Hizmetlerini yakından takip ettiğini söylediği Millî Eğitim Eski Bakanlarından Sayın Nimet Baş da konuklar arasındaydı. O da eğitimin kalitesi hakkında konuştu. Konuşma sırası Başbakan Yardımcımız Sayın Prof. Dr. Numan Kurtulmuş’a gelince iyice dikkat kesildim. Söyleyeceklerini merak ediyordum. Sayın Kurtulmuş, tam beklediğim gibi konuştu, devlet adamı olma sorumluluğunu gördüm sözlerinin satır aralarında. Bam teline bastı:
“Eğitimde kalite, teknolojik gelişme elbette gerekli, tamam… buna bir sözüm yok. Ancak eksik bıraktığımız bir şey var. Bizim kökümüzde var olan değerleri öne çıkarabildik mi eğitimde? Nedir onlar? Doğru olmak, dürüst olmak, vefalı olmak, sadakat göstermek, paylaşmak, yardımlaşmak… gibi bizi dünyanın gözünde yücelten değerler. Eğitimde bunlar daha önemli. Yalnızca kendini yükseltmeyi düşünmeyen, kendi dışında mağdur olmuşlarla da ilgilenme sorumluluğunu taşıyan insanı yetiştirmek lazım.”
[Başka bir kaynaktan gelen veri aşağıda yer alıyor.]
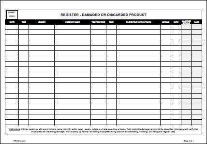 The Damaged or Discarded Product Register is a tool to record product name, quantity, action taken, reason, initials, and date each time a food or food product is damaged and/or will be discarded. Company will verify that employees are discarding damaged food properly by visually monitoring employees during the shift and reviewing, initialling, and dating this register daily.
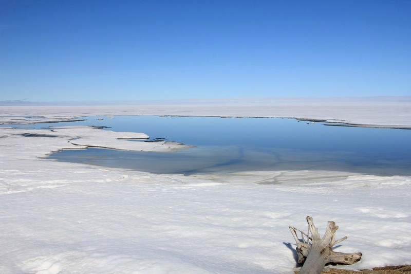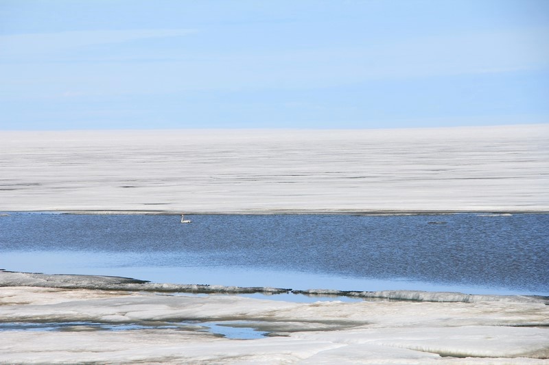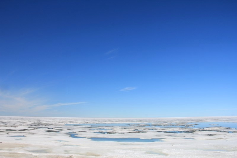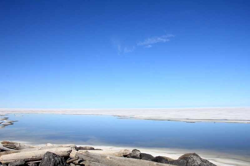 Depuis notre arrivée dans le Yukon, on nous dit que le printemps à 15 jours de retard et ça se sent d'autant plus ici entre vent froid et océan gelé.
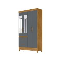 Guarda Roupa Madri 110cm 4 Portas Freijó Cinza Com Espelho Moval
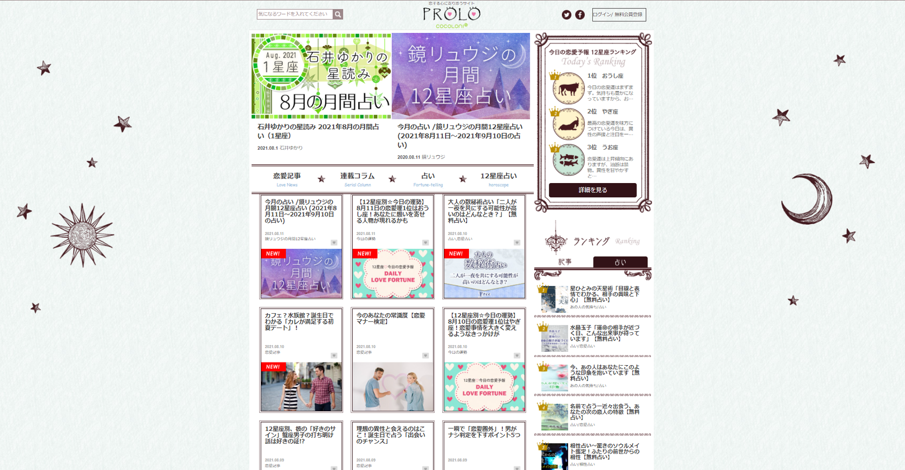 恋愛×占いメディアとして2012年にオープン。幸せになれる恋や生き方を望む女性に向けたコラムや記事を多数掲載。
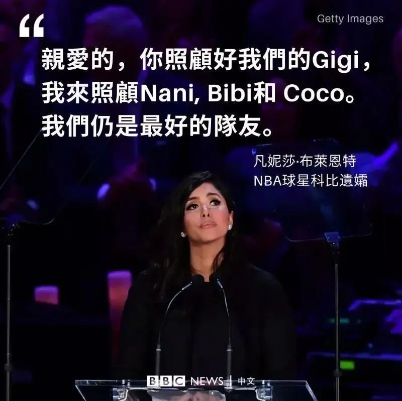 在之前洛杉矶湖人为追忆科比而开的追悼会上她出席了,那也是科比的妻子瓦妮莎也是在科比遇难之后,首次出现在公众视野当中
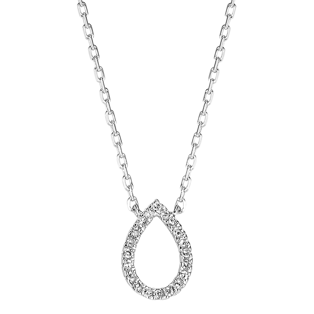 Una goccia impreziosita da un delicato pavé di diamanti e montata su una collana in oro bianco, per un modello puro, vicino alle forme naturali e alle emozioni.

Sayın Yücel’in hiç değinmediği bu değerleri hatırlatmak gerçekten gerekliydi. Sayın Yücel önce dershaneciydi, büyük paralar kazandı okullar üzerine karabasan gibi çöktüğünü defalarca vurguladığım dershanecilikten. O paralarla güçlendi, Vakıf Üniversitesi ve okullar kurdu zincir zincir. Kazandıklarıyla eğitimde kaliteyi artırdı tabi, yabancı ülkelerle de iş birliği yaptı. Ancak bir köyde uygulamalı eğitimle çocuklarına ve onların velilerine hayat eğitimi, iş eğitimi veren Dilek öğretmen gibilerin var olması için ne faaliyetleri olduğunu duyamadık. Ülke genelinde 17 milyon üstündeki öğrencinin kaç tanesine sözünü ettiği eğitimi verebildiğini de bizim kökümüzdeki değerler adına yaptığı çalışmaları da…
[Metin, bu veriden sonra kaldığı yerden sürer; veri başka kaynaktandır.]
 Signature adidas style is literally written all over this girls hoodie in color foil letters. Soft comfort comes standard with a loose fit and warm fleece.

Sayın Başbakan Yardımcımızın vurgusu, bu değerlere uygun bir eğitime dikkat çekmek ister gibiydi. Çok yerinde buldum. Kutluyorum. Dershaneler halkın sırtında yüktü, kapatıldı. Özel okulların yüksek fiyatları da halkın sırtında yük. Hayatta kullanılmayan bilgileri kalite ve yüksek teknolojiyle vereceğim diye ticaret yapılıyor. Bunun önüne geçecek yepyeni bir işe odaklı sisteme ihtiyacımız var.
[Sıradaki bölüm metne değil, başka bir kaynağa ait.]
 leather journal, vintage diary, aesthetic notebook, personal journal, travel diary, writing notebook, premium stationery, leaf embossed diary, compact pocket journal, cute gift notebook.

1989 yılında Türkiye’nin ilk üniversite sınavlarına hazırlık dergisi Aşama’nın(şimdi yok) soru yarışmasında ikinci seçilen, dershanecilikten zengin olabilme imkânı olduğu halde bunu içine sindirememiş 37 yıllık bir eğitimci olarak söylüyorum: Kökümüzdeki değerlerle bütünleşebilen bu sistemdir. Millet iş içinde eğitim diyor. Bunun ekonomik yükünü de üstlenmek istiyor. Yani eğitim Enver Beylerin değil, milletin sırtında yük olmalı. Onların bilgi birikimleri bu sistemin kurulmasında da önemli rol oynayabilir. Parası olan da olmayan da hayata hazırlayan kullanılabilir müfredatlarla yetiştirilmeli. İsteyen herkes eğitim için hayata atıldıktan sonra uzun vadeli taksitler halinde ödemek üzere burs alabilmeli.
Bizim olan vefa, sadakat, paylaşma, yardımlaşma duyguları eşitlik ilkesinin uygulandığı bu sistemle gelişecektir. Adalet ve kalkınma davasına inanmış milletin bir ferdi olarak bu gerçeği bir kez daha vurgulamak istedim.